**Data supplied**
- - - - - - -

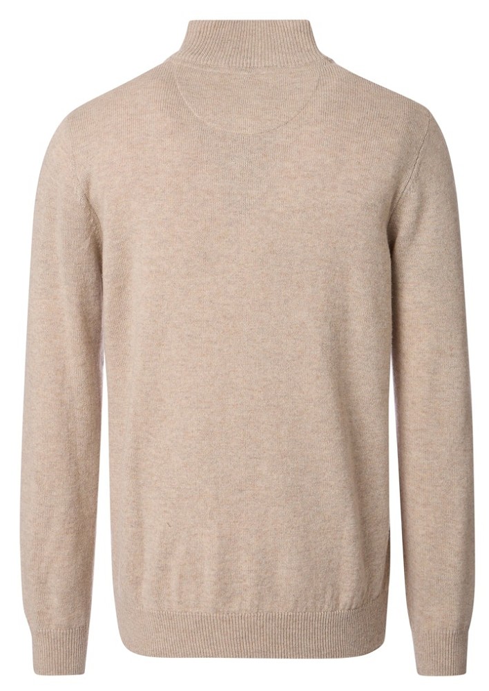 Der sportive Pullover wurde als Troyer designt. In beige mit R-V lässt sich dieser Pulli aus 80 % feinster Schurwolle prima kombinieren
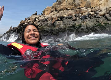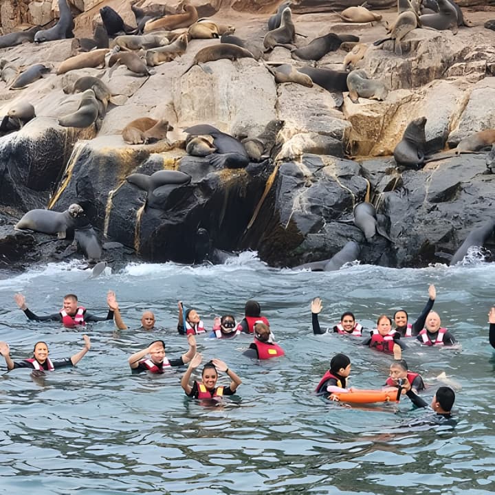 Dive into the adventure of a lifetime by swimming with sea lions off Palomino Island in Lima! Sail through waters steeped in history, check out the old prison of Fronton, and be amazed by the diverse wildlife. Spot Humboldt penguins and glovebirds at the Cabinzas Islands before heading to Palomino Island to swim with playful sea lions in their natural habitat. This is the perfect blend of history, nature, and thrill. Get your tickets for Swimming with Sea Lions on Palomino Island in Lima!
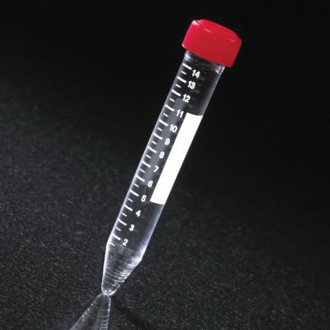 Centrifuge Tube, 15 ml, 17 dia x 120 mm H, Polystyrene, 1700 RCF Spin Rate, Non-sterile, Marking Spot, Printed Graduation, With Unattached Red HDPE Screw Cap
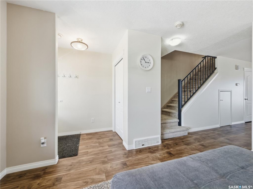 Welcome to 209-3818 Dewdney Ave E, a well-maintained two-storey townhouse style condo located in the East Pointe Estates community in Regina's east end. This unit offers 3 bedrooms and 2 bathrooms with a functional layout that makes great use of the space. The main floor features a bright living area and a kitchen complete with granite countertops, ample storage, and plenty of counter space. Thoughtful features such as under-stair storage, and Ring doorbell add everyday convenience. Upstairs you'll find three bedrooms and a full bathroom, offering flexibility for families, guests, or home office space. A West-facing balcony provides a great outdoor area to relax along with a heated storage room that is ideal for additional storage. Conveniently located with walking paths, restaurants, and everyday amenities nearby, along with quick access to Victoria Avenue for groceries, gas, and shopping.
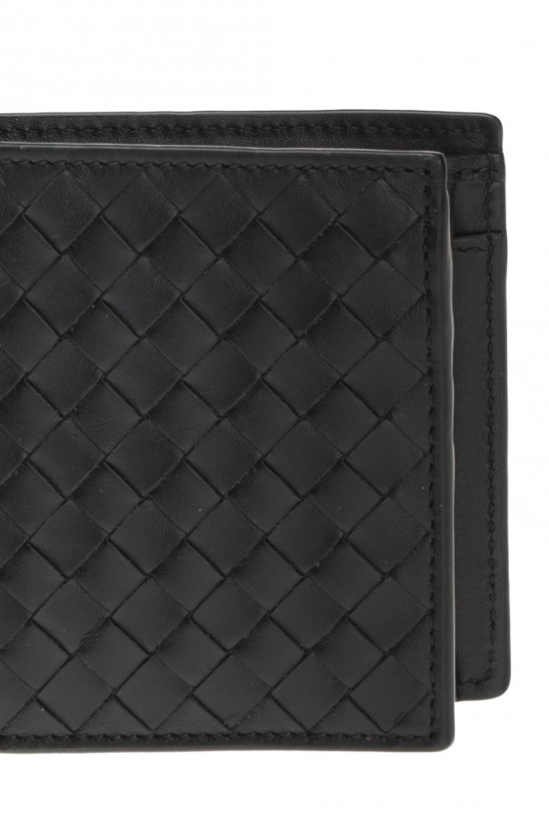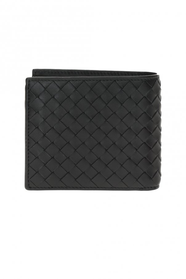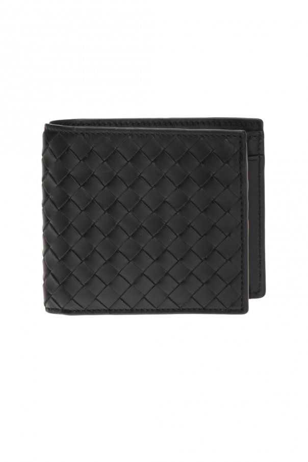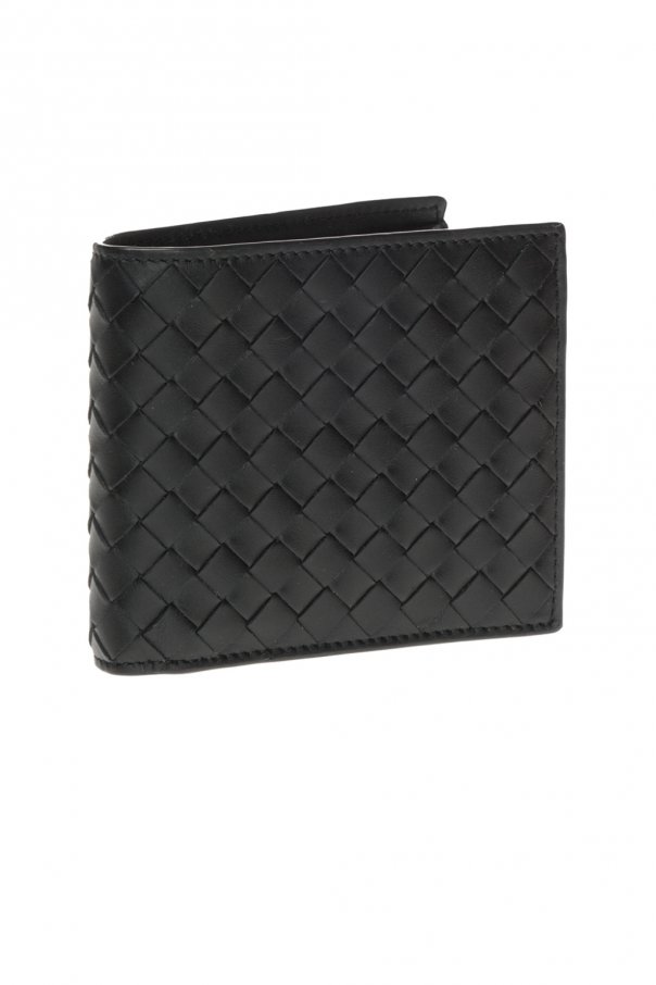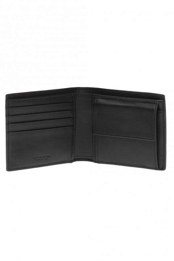 Men's Bottega Veneta wallet, made of calf leather, in black colour. Two bill compartments, coin pocket with a stud clousre, four credit card slots and two additional compartments inside.
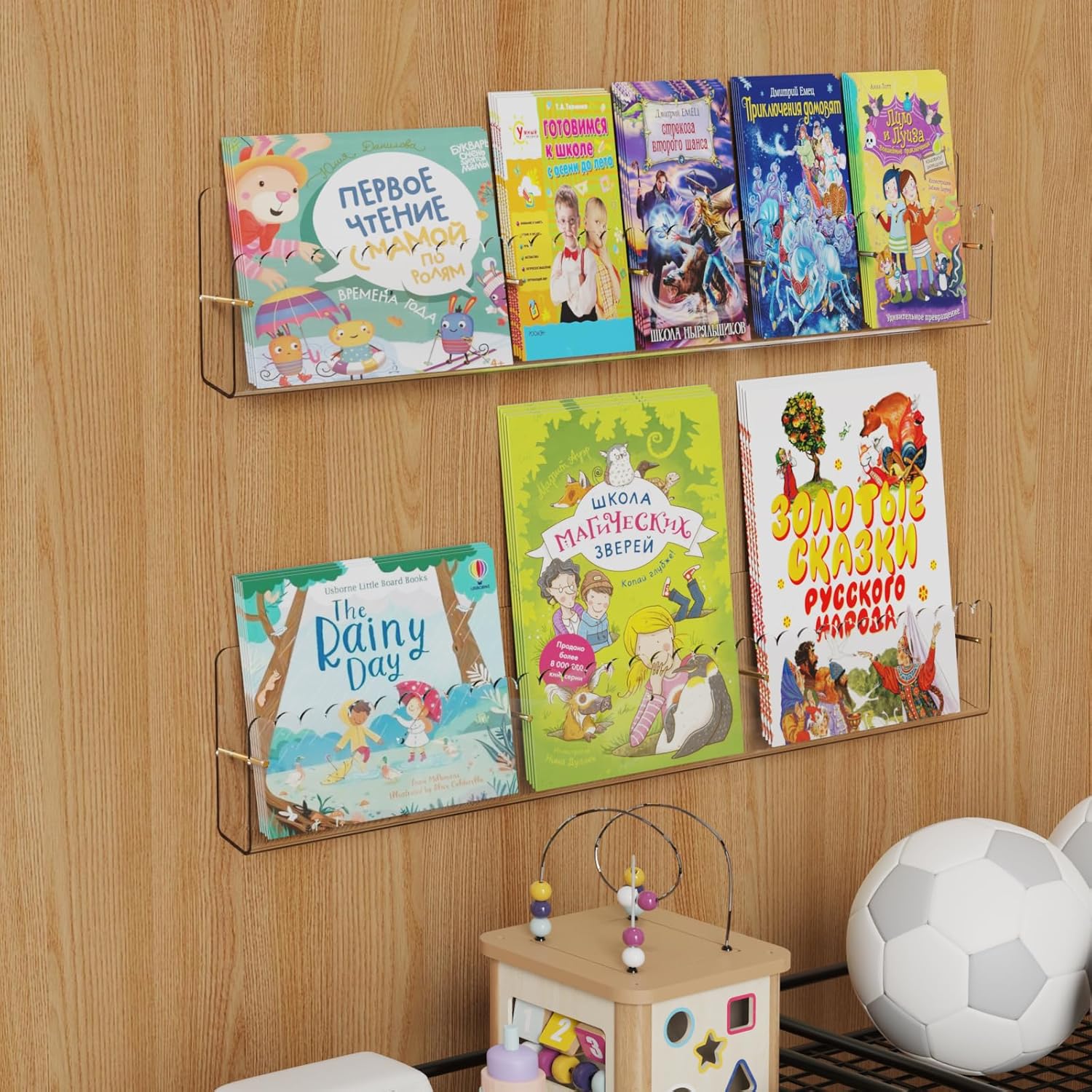 Brochure Holder Wall Mount, 2 Pack Acrylic Modular Flyer with Adjustable Magnetic Golden Bolt, Wavy Lace Pamphlet Display Stand for Organizer Trifold Flyer, Document, Leaflet, 6 Slots

- - - - - - -

**What this task involves**
No pictures belong in the output. It should reproduce exactly the lines from the one containing "Welcome to 209-3818" through the end of the data, both ends included.

**Answer**
 Welcome to 209-3818 Dewdney Ave E, a well-maintained two-storey townhouse style condo located in the East Pointe Estates community in Regina's east end. This unit offers 3 bedrooms and 2 bathrooms with a functional layout that makes great use of the space. The main floor features a bright living area and a kitchen complete with granite countertops, ample storage, and plenty of counter space. Thoughtful features such as under-stair storage, and Ring doorbell add everyday convenience. Upstairs you'll find three bedrooms and a full bathroom, offering flexibility for families, guests, or home office space. A West-facing balcony provides a great outdoor area to relax along with a heated storage room that is ideal for additional storage. Conveniently located with walking paths, restaurants, and everyday amenities nearby, along with quick access to Victoria Avenue for groceries, gas, and shopping.
 Men's Bottega Veneta wallet, made of calf leather, in black colour. Two bill compartments, coin pocket with a stud clousre, four credit card slots and two additional compartments inside.
 Brochure Holder Wall Mount, 2 Pack Acrylic Modular Flyer with Adjustable Magnetic Golden Bolt, Wavy Lace Pamphlet Display Stand for Organizer Trifold Flyer, Document, Leaflet, 6 Slots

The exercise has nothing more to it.